MACKENZIE, Shannon, University of Idaho, 875 Perimeter Drive, MS 0903, Moscow, ID 83844-0903 and BARNES, Jason W., Department of Physics, University of Idaho, Campus Box 440903, Moscow, ID 83844-0903, s.mackenzie.france@gmail.com

Cassini, a spacecraft in orbit around Saturn since 2004, has revealed Saturn’s largest moon, Titan, to be a dynamic world. With surface temperatures and pressures near the triple point of methane, the hydrocarbon undergoes a “hydrological cycle” much like water does on Earth. Unlike Earth, however, Titan’s surface liquids are not ubiquitous-- they seem to be located almost exclusively at the north pole. And yet, Cassini has observed a handful of surface wetting events after rainfall in Titan’s equatorial region as well as evaporite deposits in supposed “desert” regions. So the question remains-- why are the lakes and seas almost exclusively at the north pole? If liquid has been elsewhere on the surface, how long ago did it dry out? What factors control which lakes dry out first?

Global circulation models have begun to explore these questions from the dynamics perspective.

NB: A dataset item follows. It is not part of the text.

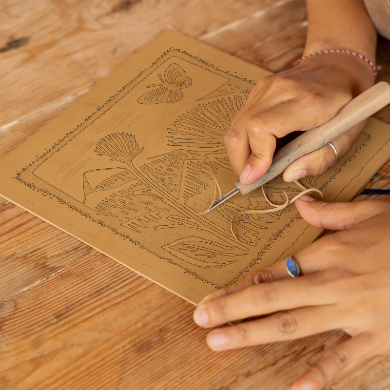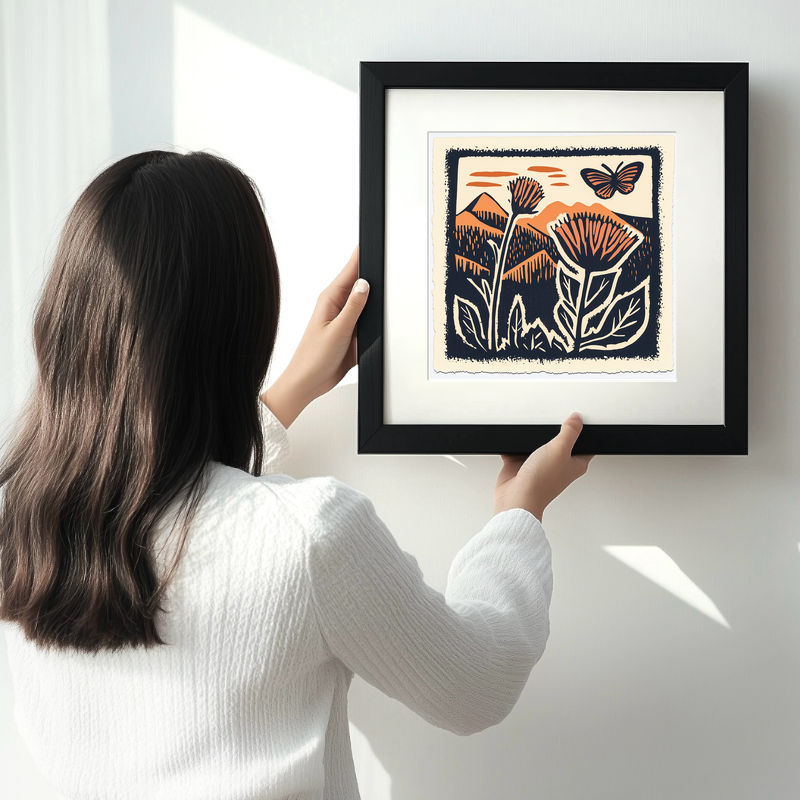 Discover this captivating lino-print style artwork from our Nature & Wildlife collection, featuring a thistle with a butterfly. The piece showcases a stunning contrast of bold, earthy colours, encapsulating the serene essence of the natural world. The thistle, standing tall with intricate leaves, captures the eye with its detailed blossoms. Above, a butterfly gracefully flutters amidst the scene, adding an element of delicate movement. In the background, gentle rolling hills stretch under a clear sky, adding depth and tranquillity to the composition. Available in both black and white frames, and in sizes of 36cm or 46cm square, this artwork fits seamlessly into any space, bringing a touch of nature's beauty indoors. For those with a creative spirit, we offer an exclusive option to download the source images, including line drawings and sketches, enabling you to craft your own unique lino prints. Embrace the artistry of nature with this charming piece.

Our study of Titan’s evaporites informs such models by providing the observational evidence of what Titan’s surface looked like in the past, both where the liquid has been and, potentially, if there have been compositional differences/similarities between different bodies. We conduct our analyses with data from Cassini’s Visible and Infrared Mapping Spectrometer, the only instrument able to distinguish the evaporites on Titan’s surface. A better understanding of the long-term climate is crucial for understanding Titan’s evolution over geological timescales-- the current estimates for the composition of the atmosphere can’t reconcile the rate of loss of methane in the upper atmosphere with that estimated in the volume of surface liquid.

As Titan is the only other body in the solar system with active hydrology, it offers a unique opportunity to investigate processes very similar to those on Earth operating on different variables. Understanding the dynamic processes on the Saturnian moon thus provides important context for studies of our own planet’s surface-atmosphere interactions.